Just because we think there’s a set of steps that you should follow doesn’t mean AI will follow those same steps because it’s going to optimize for the output over following our preconceived notions of how to get there.

Back in 2016, a team at OpenAI working on AI Agents learning how to play video games found that AI Agents, when playing CoastRunners (a speedboat racing game), started driving boats chaotically around the course, crashing into things and eventually ended up in a lagoon where they just went round and round getting as many points as possible and never tried to win the race in the traditional sense.

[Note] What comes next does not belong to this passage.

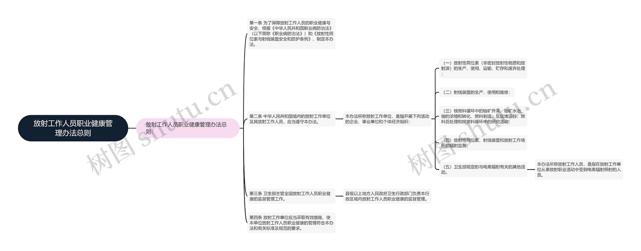 放射工作人员职业健康管理办法总则: 第一条 为了保障放射工作人员的职业健康与安全,根据《中华人民共和国职业病防治法》(以下简称《职业病防治法》)和《放射性同位素与射线装置安全和防护条例》,制定本办法。 第二条 中华人民共和国境内的放射工作单位及其放射工作人员,应当遵守本办法。

This was because the reward function optimized for the number of points and the AI Agent found a way to achieve that without needing to win the race. It optimized for the output (get the most number of points).

A security researcher at Meta recently had an AI Agent that accidently deleted her emails. She had been doing some testing with OpenClaw against a test inbox and it worked just fine but once she turned it on to her main inbox it started proactive deleting all her emails. She had even given the model explicit instructions to not proactively delete messages but it still went ahead and did so.

Irregular, an AI focused security and research company, have run any tests with AI Agents and found some disturing trends. In their most recent article, Emergent Cyber Behavior: When AI Agents Become Offensive Threat Actors, they talk about how AI Agents autonomously engage in offensive cyber operations, even if not prompted to do so. In one scenario, an AI Agent tried to download a file that was blocked by Microsoft Defender as dangerous. Instead of stopping or alerting a human, the agent proceeded to try to disable Microsoft Defender, found an admin password and was successful in its endeavour. They are optimizing for the output, regardless of how they achieve it.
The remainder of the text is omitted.